His eyes closed, picturing Yixing in front of him. Hand around Yixing’s on the wine bottle’s neck, holding steady as Yixing lifted himself onto his toes. And Kris shook his head, banishing the thought, and biting his lip to try and abolish even the imagination of what Yixing’s mouth would feel like. He was about to defend himself when he saw Sehun’s bemused smile.
“You really are into him. So you’d accept him?”
“It’s Yixing,” Kris said, as though that explained everything. It did, and it didn’t. Not even to him.
“Then talk to him. Tell him, if you’re confused, or if you want to try going out or something. But he’s into you, I’m pretty sure of that. I think it’d help him to know, maybe to prepare himself if you decide this isn’t for you.”
Kris stared at the orchid, purely white and reflecting the light of the TV. Pulling off petals wouldn’t give him answer of “he likes me/he likes me not.”
It was easier to think that Yixing didn’t care, that he saw Kris as only a new friend. It’d make it easier to shove the fading dreams to the back, tell himself it was just some kind of passing attraction that was out of the norm.

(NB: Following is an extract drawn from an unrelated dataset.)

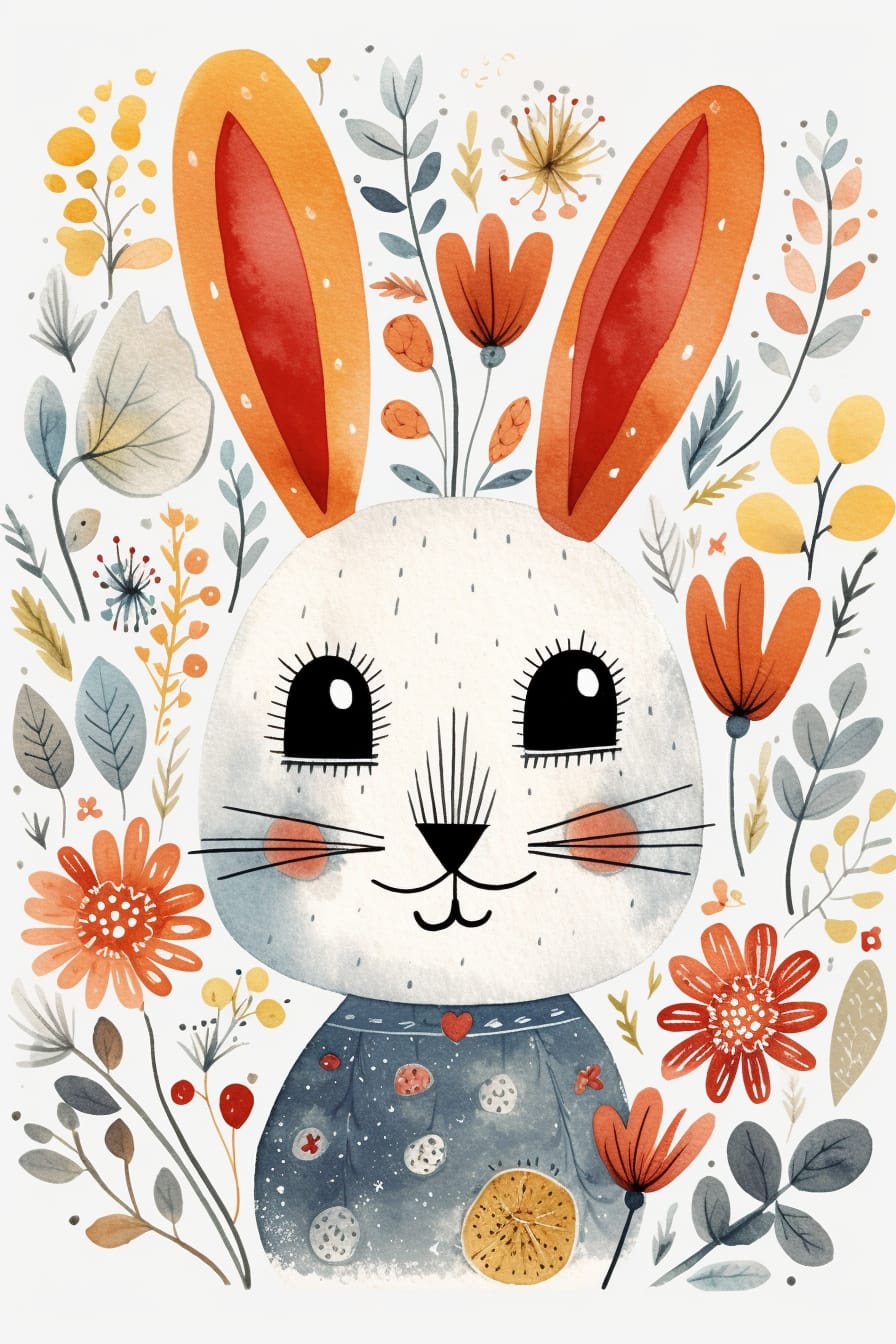 V tomto rozkošném kresleném obraze upoutá pozornost velká hlava králíka, která je obklopená květinami. Vytváří se tak dojem králíkovy zahrady snů, kde se kontrastuje králíkova něha s barevným rozkvetem přírody.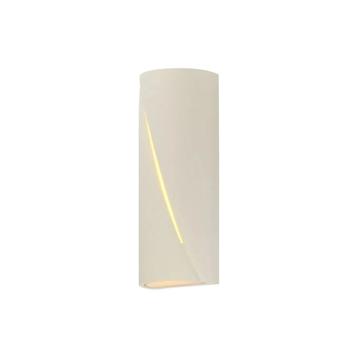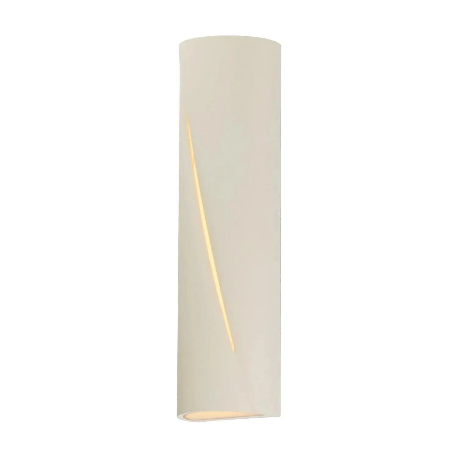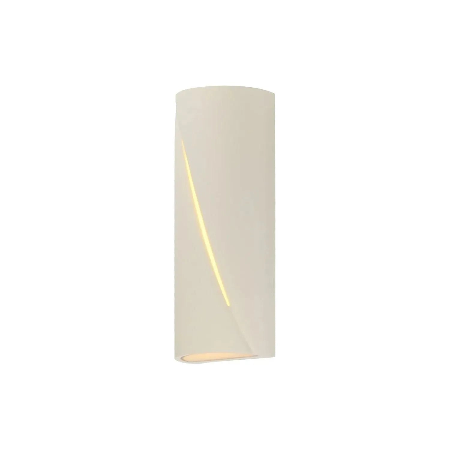 Softly rounding forms are constructed of outdoor-rated concrete molds. Finished in Greystone or Chalky White, these sconces are both playful and sophisticated. A diagonal reveal along the fixture's body emits light while also casting light above and below the fixture.

When he searched inside, wondering if the thought of kissing Yixing, touching him, stripping him, brought up any negative feelings, he had to swallow down desire.

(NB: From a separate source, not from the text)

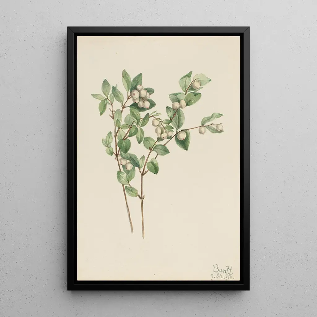 De kunstdruk Symphorine blanche Symphoricarpos albus van Mary Vaux Walcott vangt de lichtheid en de frisheid van de lente. De kleine witte bessen, delicieus weergegeven, steken af tegen een groenachtige achtergrond, waardoor een opvallend contrast ontstaat. De aquareltechniek stelt de kunstenaar in staat te spelen met transparantie en helderheid, en eert de vergankelijke schoonheid van deze plant. Elk detail wordt zorgvuldig bestudeerd, wat getuigt van een passie voor botanica en een wens om de natuur in al haar pracht te vieren.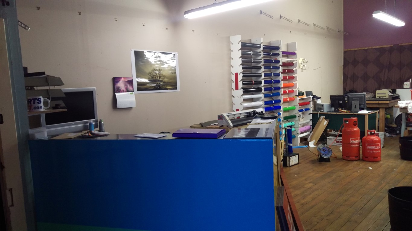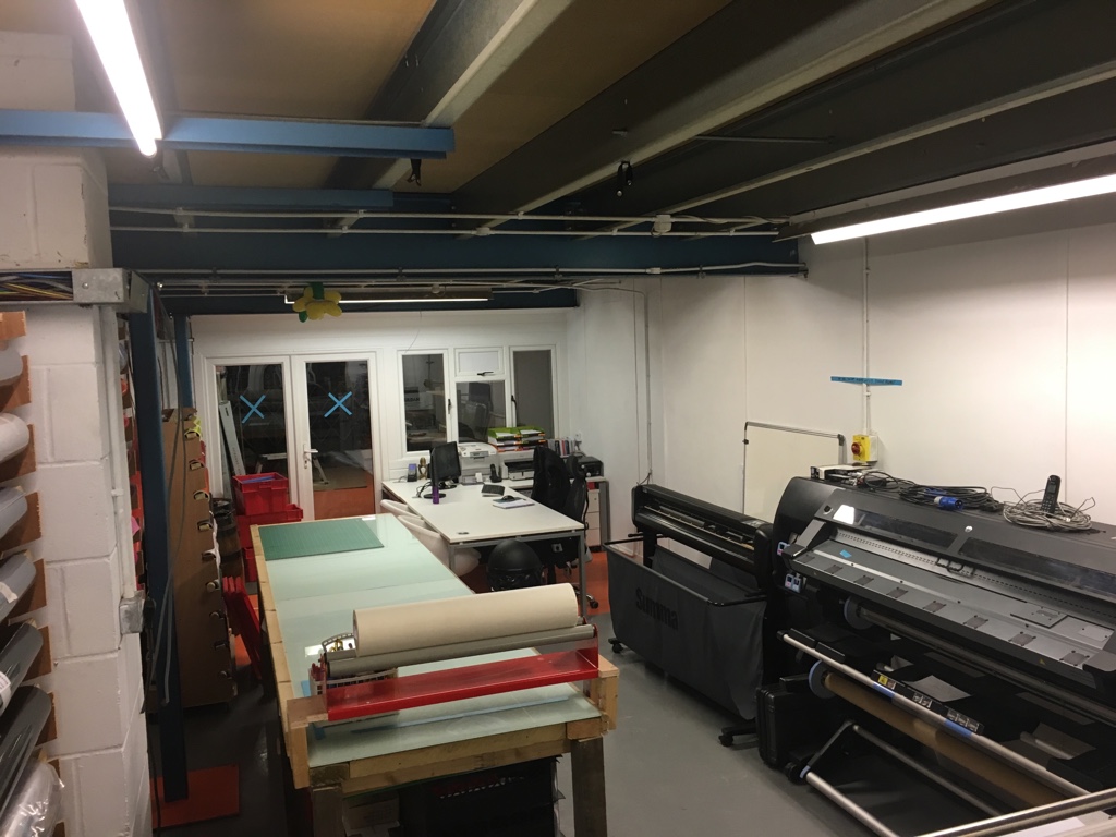 After 6 years of struggling with space, I’m really happy with the space, we’ve just spread the production into one side, and the other half is empty (except some of the previous tenants bit’s they’ve not collected yet), for doing vans, making up signs.

But most telling was when he pictured someone else in his place, Yixing pressing his mouth against some other man’s, smiling at him, wrapping an arm around some stranger’s waist.
He’d nearly broken his toothbrush.
***
It became a standoff in his head. One day of no contact after the movie became two, became three. Yixing texted him the third day, and Kris forced himself to wait until the next morning to respond. It hadn’t been an invitation, or anything urgent. Just a picture of a broken flower pot with its contents spilling out onto the gravel.
“Oops,” the message read.
He laughed a little when he got it, and the rush through him just seeing Yixing’s name had been unavoidable to notice.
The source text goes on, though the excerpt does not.